__INSTRUCTIONS TO FOLLOW__: Leave the pictures out. Retype exactly the lines below from the one containing "uploaded by Fæ |" through the one containing "your calorie needs.", and no others.

__DATA SECTION__:
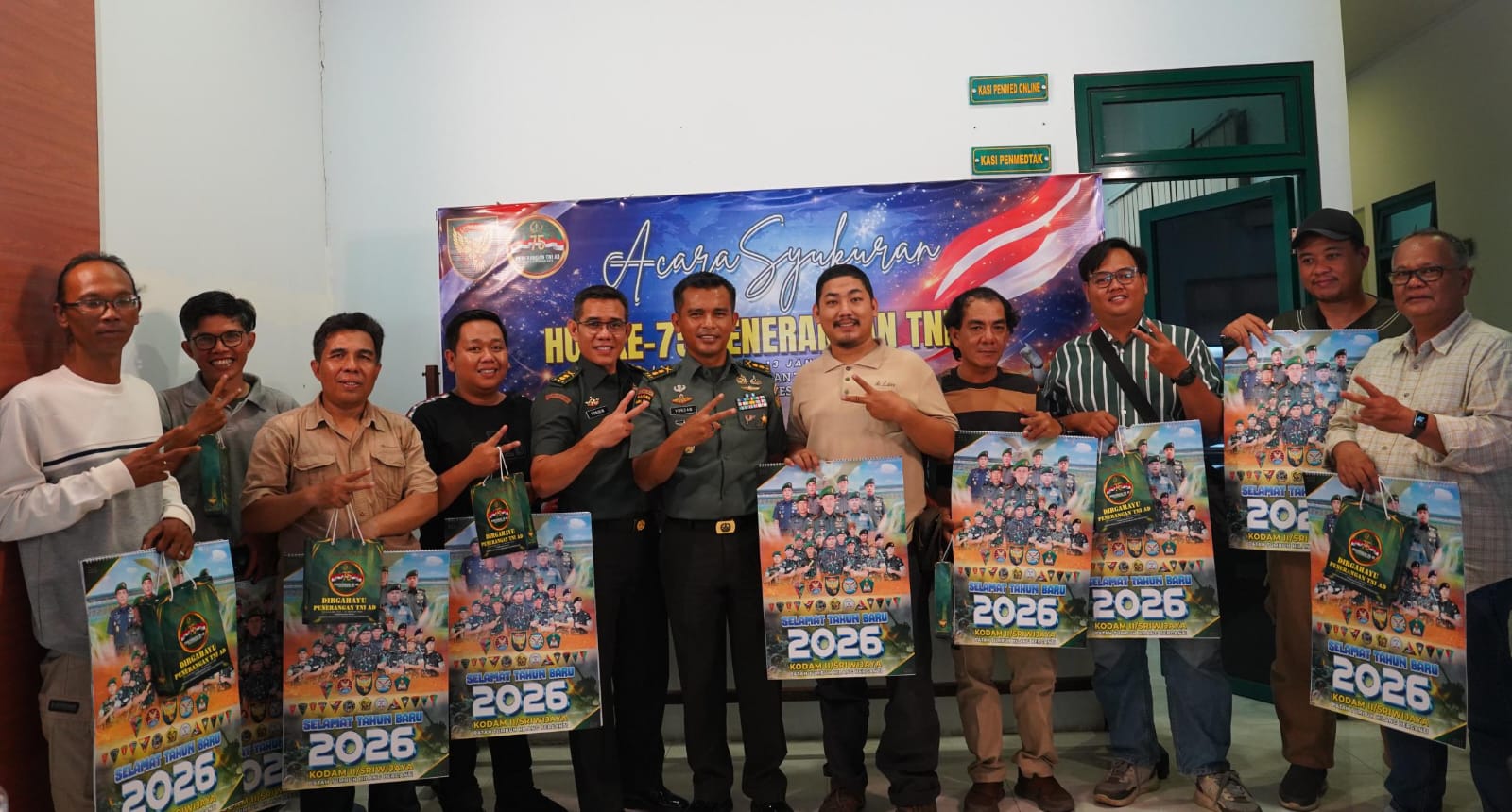 Wartainsumsel.com | Palembang – Penerangan Kodam II/Sriwijaya menggelar acara syukuran dalam rangka memperingati Hari Ulang Tahun (HUT) Ke-75 Penerangan TNI Angkatan Darat Tahun 2026. Kegiatan yang digelar secara sederhana dan berlangsung khidmat ini dilaksanakan di Aula Serbaguna Pendam II/Sriwijaya, Palembang, Rabu (14/01/2026), dengan mengusung tema, *”Penerangan TNI AD, Bekerja dengan Hati, Profesional, dan Terpercaya”*._
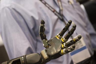 | Keywords: Secretary of defense visits St. Louis 150909-D-DT527-653.jpg en Secretary of Defense Ash Carter not pictured is briefed on the robotic limb exhibit at the Defense Advanced Research Projects Agency Wait What future technology forum at the America's Convention Center Complex in St Louis Mo Sept 9 2015 Photo by Senior Master Sgt Adrian Cadiz Released <br>Unit Office of the Secretary of Defense Public Affairs 2015-09-09 Master Sgt Adrian Cadiz https //www dvidshub net/image/2166579/secretary-defense-visits-st-louis 150909-D-DT527-653 2015-09-09 23 24 ST LOUIS MO US PD-USGov Robot hands Images from DoD uploaded by Fæ |
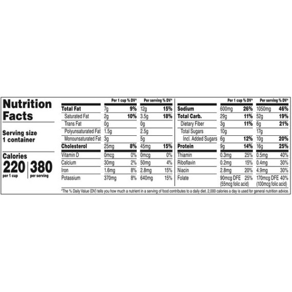 * Percent Daily Values are based on a 2,000 calorie diet. Your daily values may be higher or lower depending on your calorie needs.
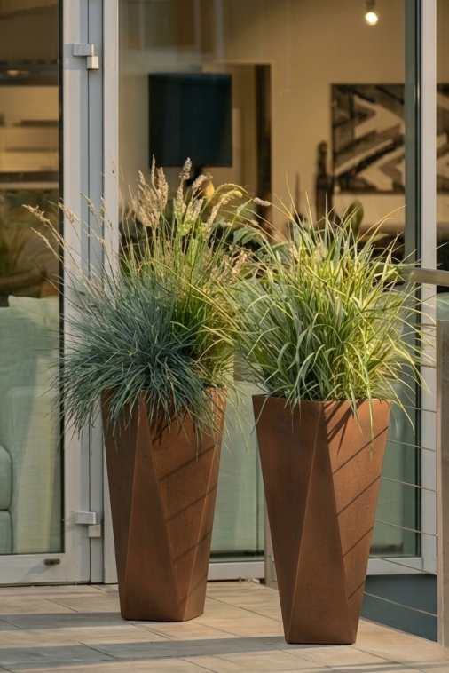 Zestaw 2 donic na taras Vaso z półką 72/59 cm w efekcie cortenu | Monumo
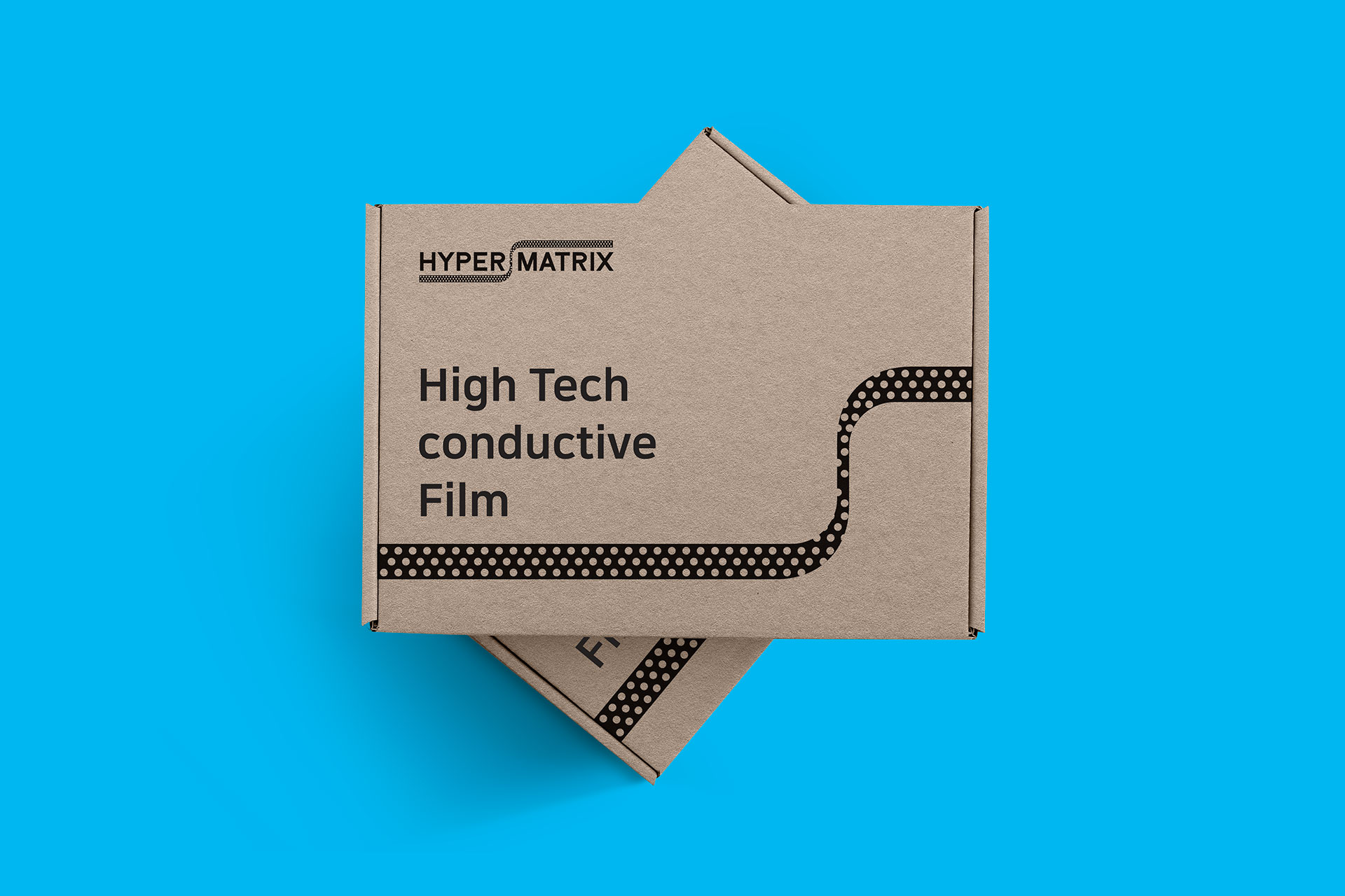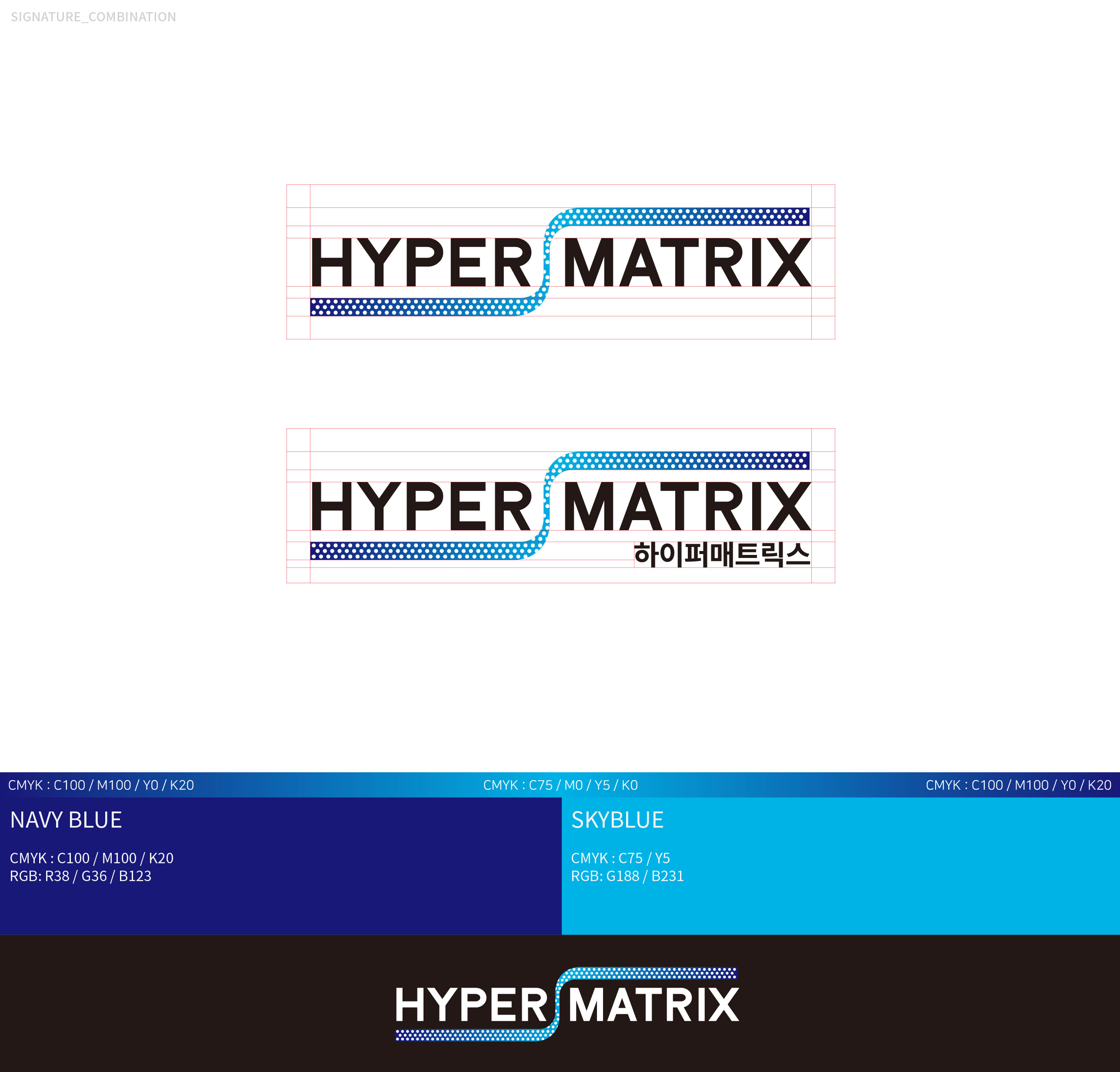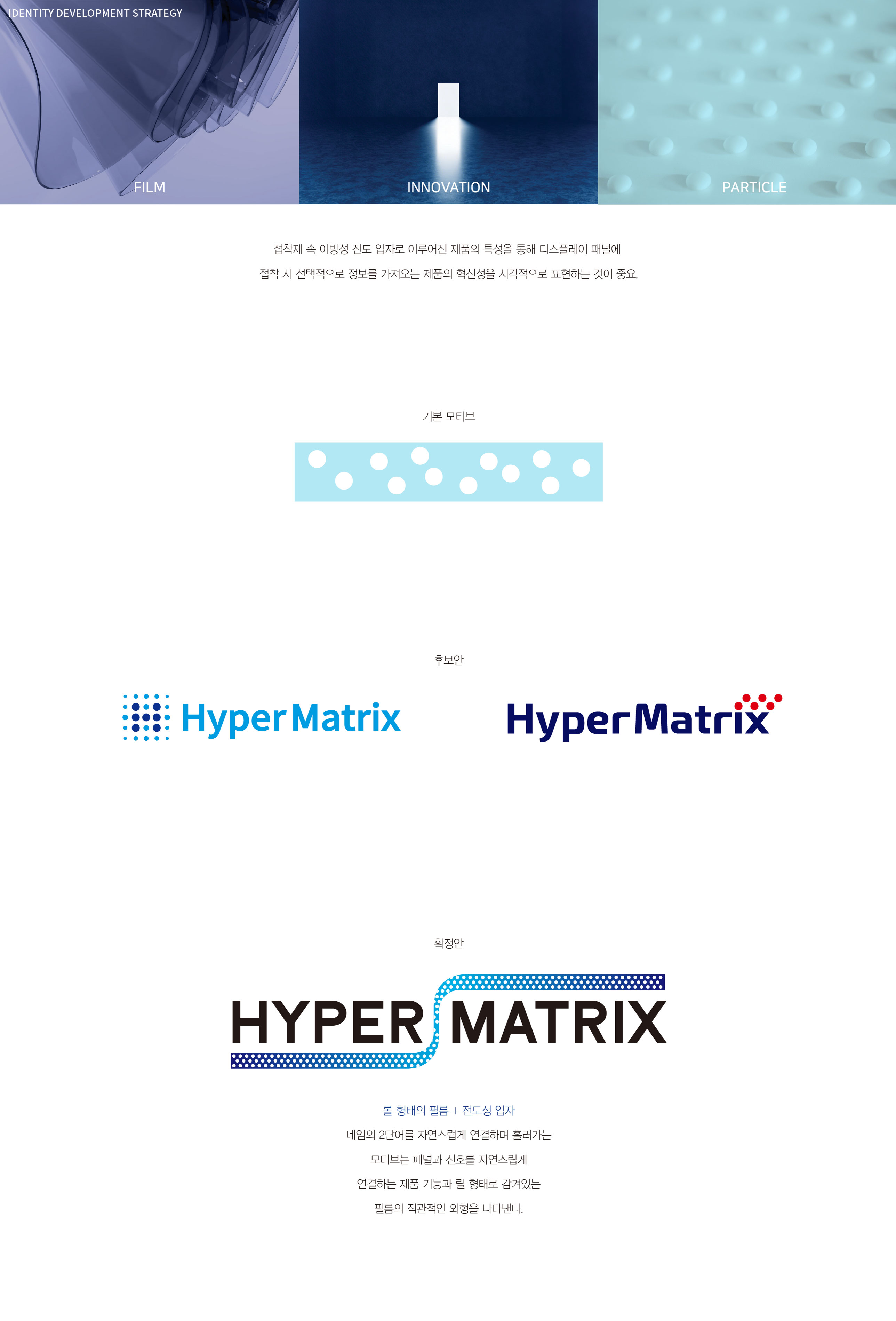 하이퍼 매트릭스 BI 혁신 소재 기술이 만드는 미래형 기능성 필름 국도화학의 첨단 소재 기술을 기반으로 개발된 하이퍼매트릭스는 디스플레이 산업의 고도화와 함께 요구되는 차세대 기능성 필름 시장의 확대에 대응하기 위해 기획되었다. 특히 디스플레이 패널의 초고해상도화, 경량화, 슬림화가 빠르게 진행되면서 단순한 보호 필름을 넘어 전도성과 기능성을 동시에 구현할 수 있는 혁신 소재의 필요성이 더욱 커지고 있었다. 이에 따라 하이퍼매트릭스는 국도화학이 보유한 화학 소재 연구 역량과 글로벌 생산 기술을 기반으로 이방성 전도 입자 기술을 적용한 차별화된 필름 브랜드로 개발되었으며, 제품의 성능뿐 아니라 혁신성과 신뢰성을 동시에 전달할 수 있는 브랜드 아이덴티티 구축이 요구되었다. 또한 글로벌 전자·디스플레이 제조사와의 협력 확대를 고려하여 기술 전문성과 미래지향적 이미지를 동시에 표현할 수 있는 브랜드 전략이 필요하였으며, 이를 통해 첨단 소재 기업으로서의 기술 리더십과 글로벌 경쟁력을 강화하는 것을 핵심 목표로 브랜드 개발이 진행되었다. | ||||
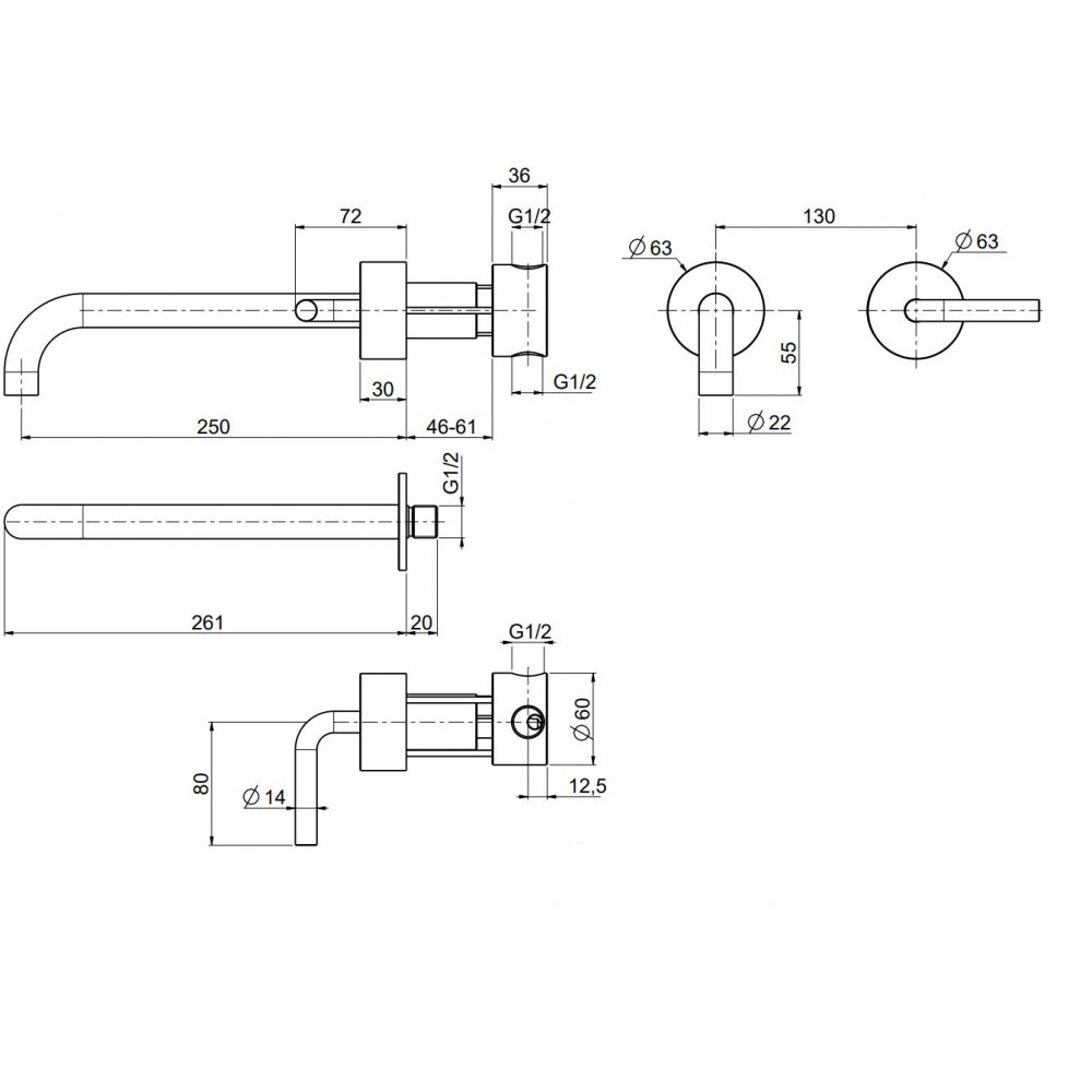 QUADRO DESIGN LEVO MEZCLADOR MURAL DE 2 AGUJEROS CON CAÑÓN DE 250 MM
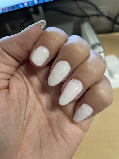 First visit: The nail tech was over 20 minutes late and no one checked on me or informed me of the delay. She was so frazzled from running behind that she did a very subpar job on my gel overlay. It was uneven, thick, and none of my nails were shaped the same.
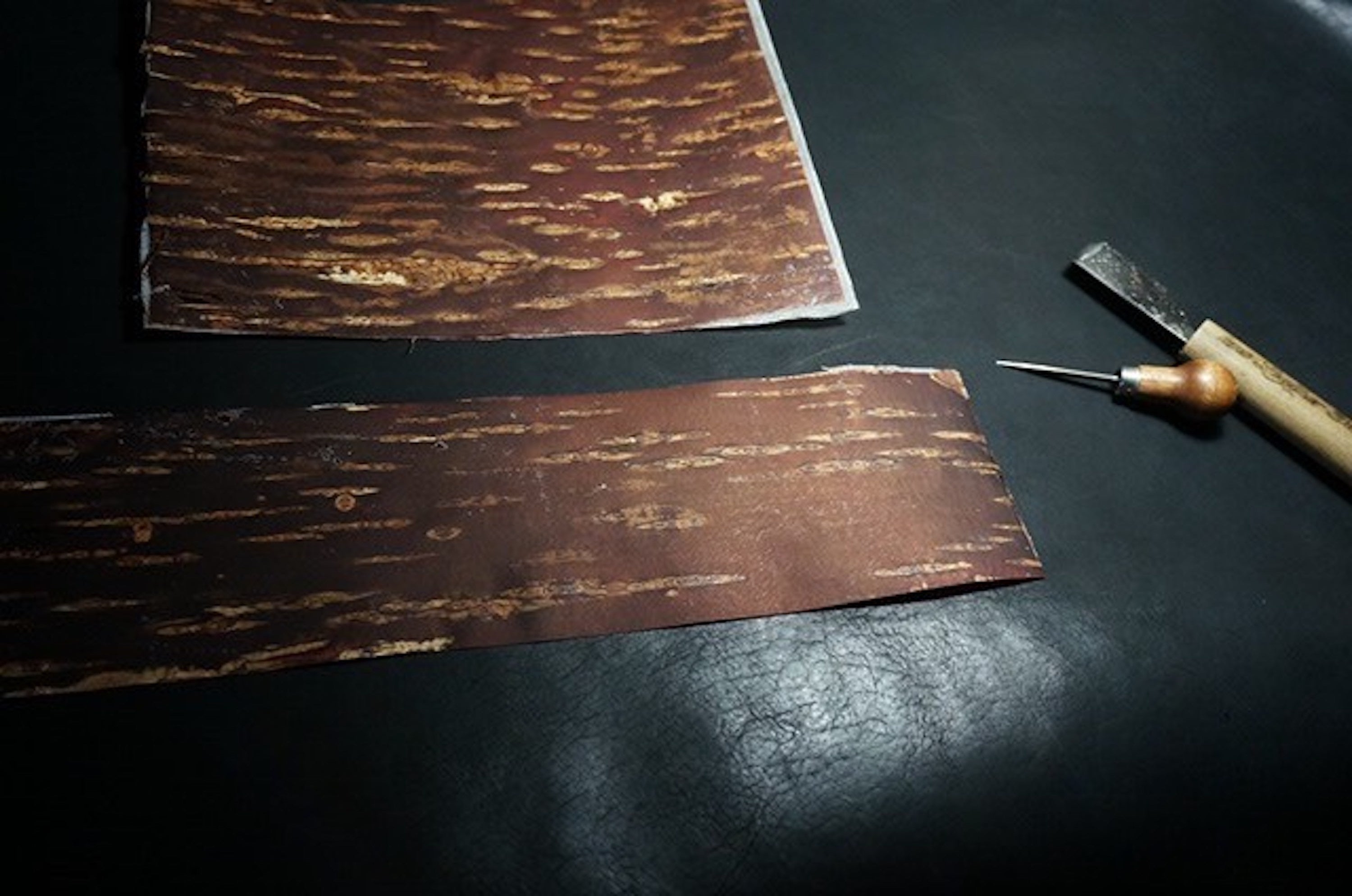 特殊加工が施された樺細工を開発、「湾曲に弱い」という性質を克服しレザーバックに

__ANSWER BELOW__:
 | Keywords: Secretary of defense visits St. Louis 150909-D-DT527-653.jpg en Secretary of Defense Ash Carter not pictured is briefed on the robotic limb exhibit at the Defense Advanced Research Projects Agency Wait What future technology forum at the America's Convention Center Complex in St Louis Mo Sept 9 2015 Photo by Senior Master Sgt Adrian Cadiz Released <br>Unit Office of the Secretary of Defense Public Affairs 2015-09-09 Master Sgt Adrian Cadiz https //www dvidshub net/image/2166579/secretary-defense-visits-st-louis 150909-D-DT527-653 2015-09-09 23 24 ST LOUIS MO US PD-USGov Robot hands Images from DoD uploaded by Fæ |
 * Percent Daily Values are based on a 2,000 calorie diet. Your daily values may be higher or lower depending on your calorie needs.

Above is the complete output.